Chat with us, powered by LiveChat

See how Adaptiv can transform your business. Schedule a kickoff call today

Databricks' Serverless SQL: Build & Refresh a Calendar Dates Table

  • Technical

Introduction

In the world of Business Intelligence (BI), a well-structured calendar dates table is an invaluable asset. This fundamental component serves as the backbone for date-based analysis, enabling accurate reporting across various date dimensions. Whether you are tracking sales trends, analysing employee performance, or forecasting future metrics, a robust calendar dates table is essential for deriving meaningful insights from your data.

Databricks, with its SQL engine, offers an ideal environment for creating and maintaining such a crucial element. By leveraging Databricks’ capabilities, organisations can automate the process of generating and updating their calendar dates table.

In this blog post, we will explore how to harness Databricks’ serverless SQL and workflow (scheduling) functionalities to build and refresh a calendar dates table tailored for Business Intelligence applications.

We will cover the creation of the table itself, setting up a workflow. By the end, you will have a clear understanding of how to implement this solution.

Create the date table

Previously, we used to leverage a Python-driven notebook to build and refresh our data.

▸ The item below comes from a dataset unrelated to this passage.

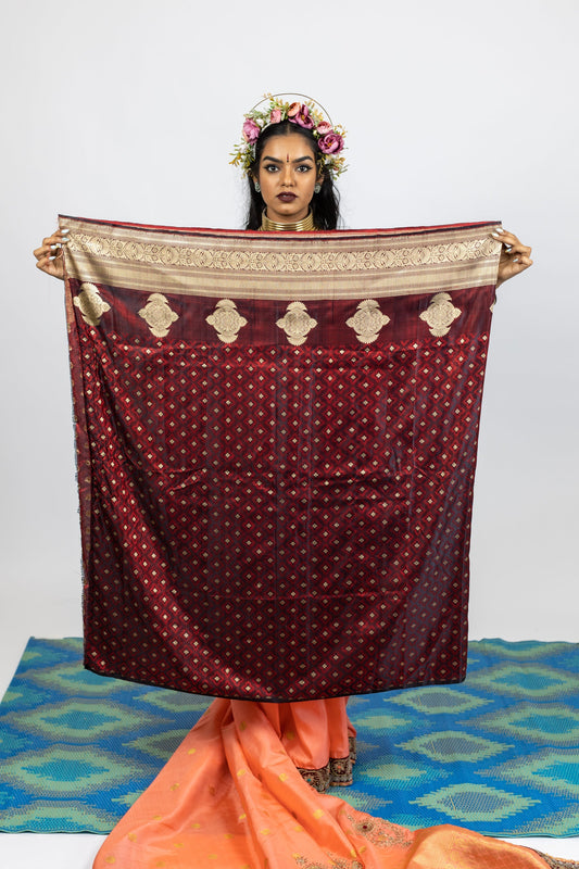 An unusual, handwoven, hand embroidered kanjiveram silk saree. The saree has been embroidered with hand using Ari Tari and Dabka work. There are big bootas that have been embroidered on the pallu to add to the magic of this piece. This saree is finished at the back with a border to give it a lovely finish when you move around. It comes with a benarsi brocade silk blouse piece as shown.
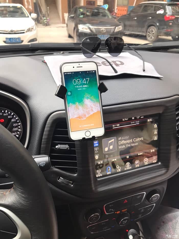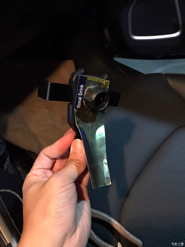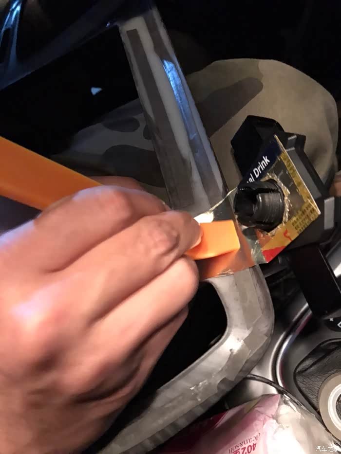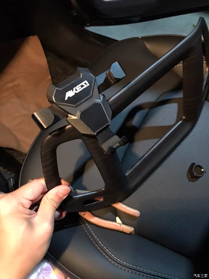 看网上有夹在这里的支架,但是要原车没有加装饰面板的才能用,所以突发奇想,又从后备箱把手机支架找出来,旧物改造。

We decided to now leverage SQL instead of Python as most of our customers are more at ease with the latter.

First things first, we need to define the start and end date of our table. In order to do so, we will leverage the SQL function sequence. Long story short, the sequence function is used to create an array of elements from start to stop and incrementing by a step. The below code will generate an array containing dates from January 1st 2020, to January 1st 2050.

Now the second step is to literally explode that array into proper rows. In order to do so, we will leverage the SQL function explode. Basically, this function will return a set of rows by un-nesting our array (collection).

In two very easy and simple steps we now have the foundation of our date dimension.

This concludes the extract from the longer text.